Cartesian Therapeutics’ Myasthenia Gravis mRNA CAR-T Descartes-08 Garners FDA RMAT Designation

May 26, 2024 — Cartesian Therapeutics’ Descartes-08, an investigational autologous mRNA-engineered CAR-T therapy intended for the treatment of autoimmune diseases including myasthenia gravis (MG), has received regenerative medicine advanced therapy (RMAT) designation from the FDA for MG.

Descartes-08 is comprised of patients’ own T-cells that have been modified ex-vivo with RNA to target B-Cell Maturation Antigen (BCMA). The use of RNA engineering is intended to avoid risks of genomic integration associated with DNA-based CAR-T therapies and to allow for control of pharmacokinetics.

The CAR-T product is currently being evaluated in the phase 2b portion of a clinical trial (NCT04146051) for MG. The first patient in this portion was dosed in January 2023.

Wugen Garners New FDA and EMA Regulatory Designations for T-Cell Malignancy CAR-T WU-CART-007

May 28, 2024 — Wugen’s WU-CART-007, an investigational allogeneic CD7-directed CAR-T therapy intended to treat r/r T-cell acute lymphoblastic leukemia (T-ALL) and r/r T-cell lymphoblastic lymphoma (T-LBL), has been granted RMAT designation by the FDA and priority medicines (PRIME) designation by the European Medicines Agency (EMA).

Both the RMAT and PRIME designation were granted in relation to both aforementioned indications. The regulatory agencies based their decisions on data packages that included results from a phase 1/2 clinical trial (NCT04984356) evaluating the CAR-T in r/r T-ALL and r/r T-LBL.

Alongside the announcement of the new designations, Wugen also reported that it will be presenting new phase 2 trial data at the European Hematology Association (EHA) 2024 Hybrid Congress, which will be held from June 13 to 16, in Madrid, Spain. The company noted that its 2 presentations related to WU-CART-007 at the conference will cover data demonstrating safety and antileukemic activity along with additional findings.
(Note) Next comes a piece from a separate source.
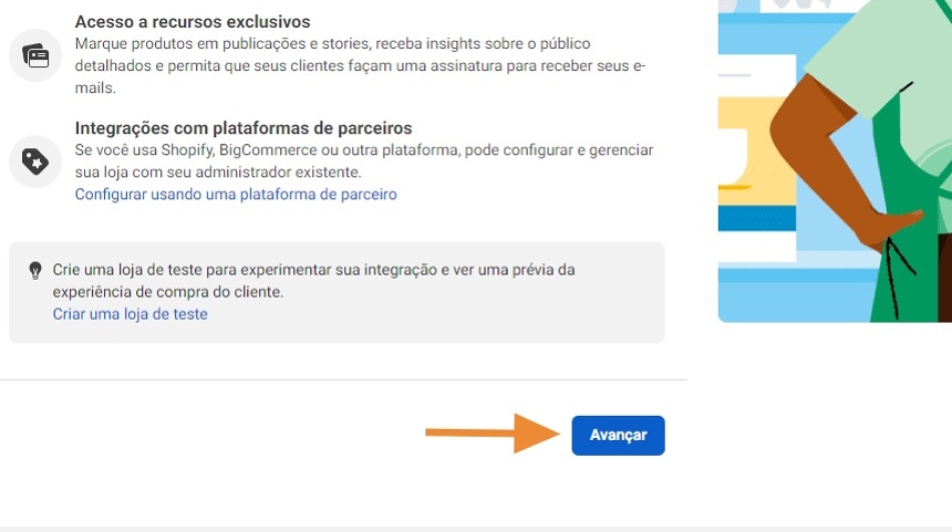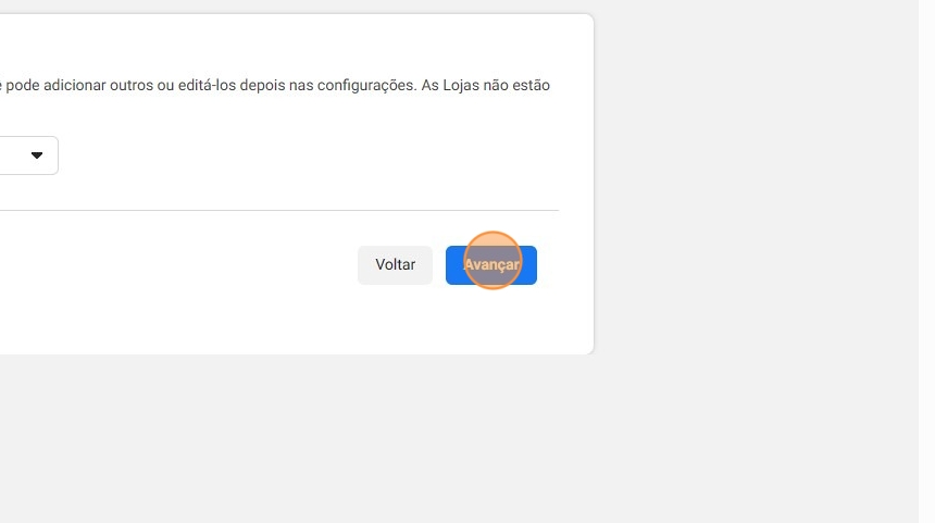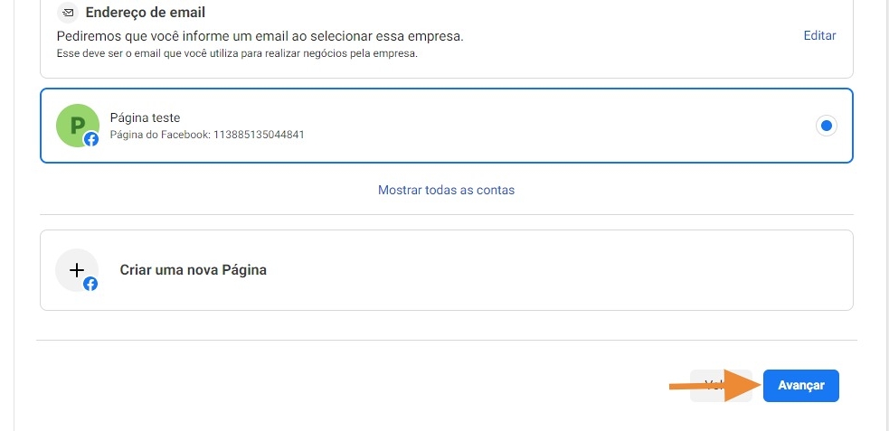 - Escolha a página onde será criada a loja e clique em "Avançar".

AADC Deficiency Gene Therapy up For FDA Priority Review

May 15, 2024 — The FDA has accepted PTC Therapeutics’ biologics license application for eladocagene exuparvovec gene therapy with priority review for treating patients with aromatic L–amino acid decarboxylase (AADC) deficiency with a PDUFA date of November 13, 2024.

Eladocagene exuparvovec is approved in the United Kingdom and European Union under the name Upstaza for children aged 18 months or older with a severe phenotype of AADC deficiency.
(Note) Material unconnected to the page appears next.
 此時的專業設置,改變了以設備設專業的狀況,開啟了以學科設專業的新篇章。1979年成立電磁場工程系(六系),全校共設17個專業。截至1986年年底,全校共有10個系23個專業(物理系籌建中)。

"We are excited to be one step closer to bringing an approved therapy to patients with AADC deficiency in the United States," Matthew B. Klein, MD, Chief Executive Officer, PTC Therapeutics, said in a statement. "The data collected to date continue to support the transformative benefit of Upstaza, this highly innovative gene therapy directly infused into the brain."